打分器是一个模块,它根据当前时间步输入和先前的打分器状态对词汇表中的 tokens 进行打分。它可以用于对整个词汇表(即完整打分器)或剪枝的 tokens 子集(即部分打分器)进行打分,以避免计算开销。在后一种情况下,部分打分器将在完整打分器之后调用。它只会对从完整打分器中提取的 top-k 候选 tokens(即剪枝的 tokens 子集)进行打分。top-k 候选 tokens 是根据 beam 大小和 scorer_beam_scale 提取的,以便候选 tokens 的数量为 int(beam_size * scorer_beam_scale)。当完整打分器计算开销较大时(例如 KenLM 打分器),这非常有用。
继承此类以实现与 speechbrain.decoders.seq2seq.S2SBeamSearcher() 兼容的自定义打分器。
- 参见
speechbrain.decoders.scorer.CTCPrefixScorer
speechbrain.decoders.scorer.RNNLMScorer
speechbrain.decoders.scorer.TransformerLMScorer
speechbrain.decoders.scorer.KenLMScorer
speechbrain.decoders.scorer.CoverageScorer
speechbrain.decoders.scorer.LengthScorer
- score(inp_tokens, memory, candidates, attn)[source]
此方法根据当前时间步的信息对新的 beams 进行打分。
打分是一个形状为 (batch_size x beam_size, vocab_size) 的 tensor。
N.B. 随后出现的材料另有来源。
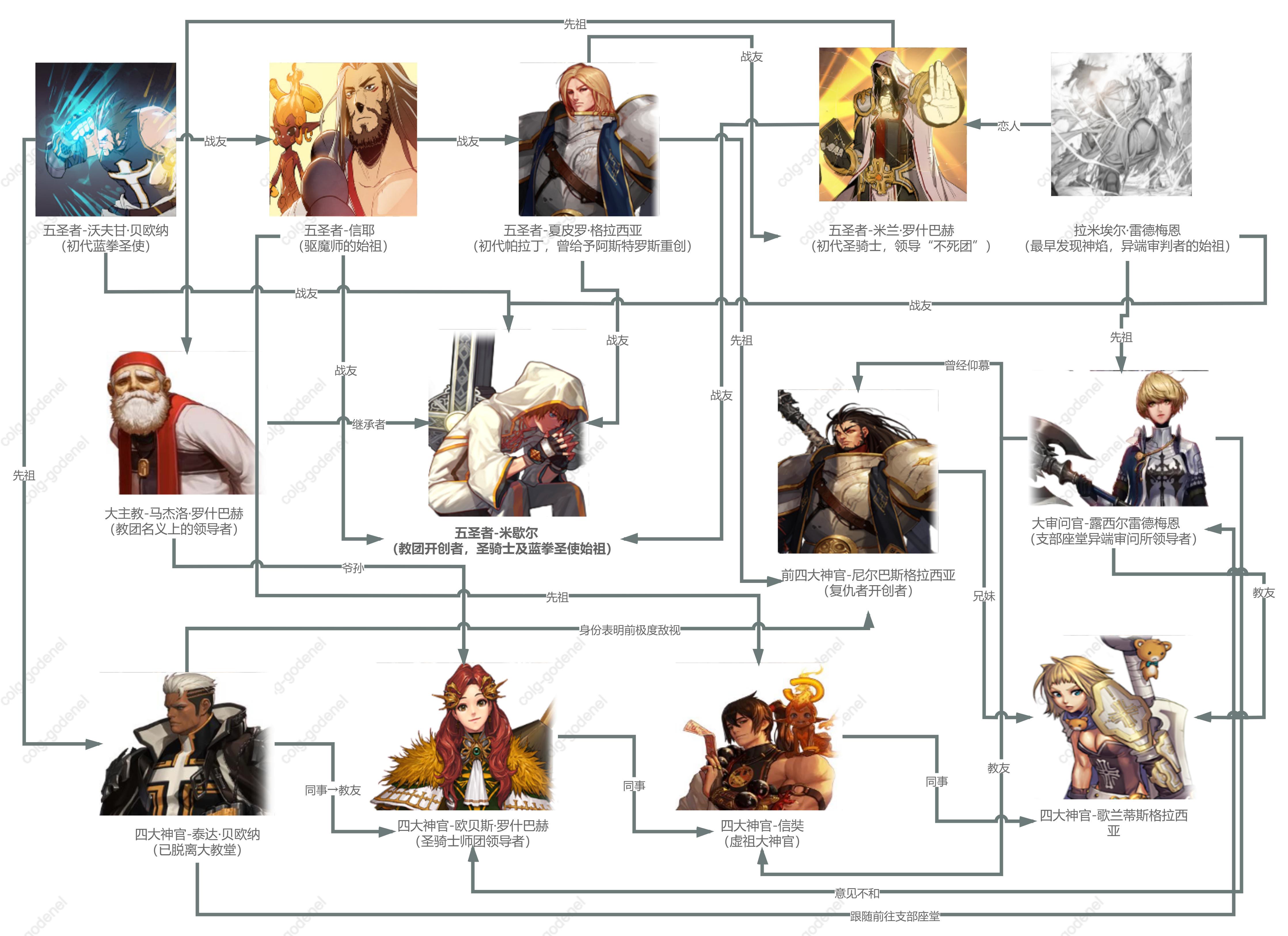 圣职者教团由米歇尔在暗黑圣战中创建,暗黑圣战结束后实际领导者变为米兰·罗什巴赫。当代教团的主要领导者们都是五圣者的后裔。暗黑圣战最后关头米歇尔将教团交付给五圣者之一的米兰·罗什巴赫,虽然米歇尔承诺回归但是实际上一直坚守在黑色大地直到获得希洛克的种子后离去。露西尔·雷德梅恩和欧贝斯·罗什巴赫现如今在剧情中再次如其先祖一样陷入命运的纠缠(橘势大好)。

它是给定当前时间步输入和先前打分器状态下下一个 token 的对数概率。
它可以用于对剪枝的 top-k 候选 tokens 进行打分,以防止计算开销,或者当 candidates 为 None 时对整个词汇表进行打分。
- 参数:
inp_tokens (torch.Tensor) – 当前时间步的输入 tensor。
memory (No limit) – 此时间步的打分器状态。
candidates (torch.Tensor) – (batch_size x beam_size, scorer_beam_size)。在完整打分器之后要打分的 top-k 候选 tokens。如果为 None,打分器将对整个词汇表进行打分。
attn (torch.Tensor) – 在 CoverageScorer 或 CTCScorer 中使用的注意力权重。
- 返回:
torch.Tensor – (batch_size x beam_size, vocab_size),下一个 tokens 的得分。
memory (No limit) – 此时间步的内存变量输入。
- class speechbrain.decoders.scorer.CTCScorer(ctc_fc, blank_index, eos_index, ctc_window_size=0)[source]
-
基于 BaseScorerInterface 的 CTCPrefixScore 包装器。
此打分器用于提供下一个输入 tokens 的 CTC 标签同步得分。实现基于 https://www.merl.com/publications/docs/TR2017-190.pdf。
- 参见
speechbrain.decoders.scorer.CTCPrefixScore
- 参数:
示例
>>> import torch >>> from speechbrain.nnet.linear import Linear >>> from speechbrain.lobes.models.transformer.TransformerASR import TransformerASR >>> from speechbrain.decoders import S2STransformerBeamSearcher, CTCScorer, ScorerBuilder >>> batch_size=8 >>> n_channels=6 >>> input_size=40 >>> d_model=128 >>> tgt_vocab=140 >>> src = torch.rand([batch_size, n_channels, input_size]) >>> tgt = torch.randint(0, tgt_vocab, [batch_size, n_channels]) >>> net = TransformerASR( ... tgt_vocab, input_size, d_model, 8, 1, 1, 1024, activation=torch.nn.GELU ... ) >>> ctc_lin = Linear(input_shape=(1, 40, d_model), n_neurons=tgt_vocab) >>> lin = Linear(input_shape=(1, 40, d_model), n_neurons=tgt_vocab) >>> eos_index = 2 >>> ctc_scorer = CTCScorer( ... ctc_fc=ctc_lin, ... blank_index=0, ... eos_index=eos_index, ... ) >>> scorer = ScorerBuilder( ... full_scorers=[ctc_scorer], ... weights={'ctc': 1.0} ... ) >>> searcher = S2STransformerBeamSearcher( ... modules=[net, lin], ... bos_index=1, ... eos_index=eos_index, ... min_decode_ratio=0.0, ... max_decode_ratio=1.0, ... using_eos_threshold=False, ... beam_size=7, ... temperature=1.15, ... scorer=scorer ... ) >>> enc, dec = net.forward(src, tgt) >>> hyps, _, _, _ = searcher(enc, torch.ones(batch_size))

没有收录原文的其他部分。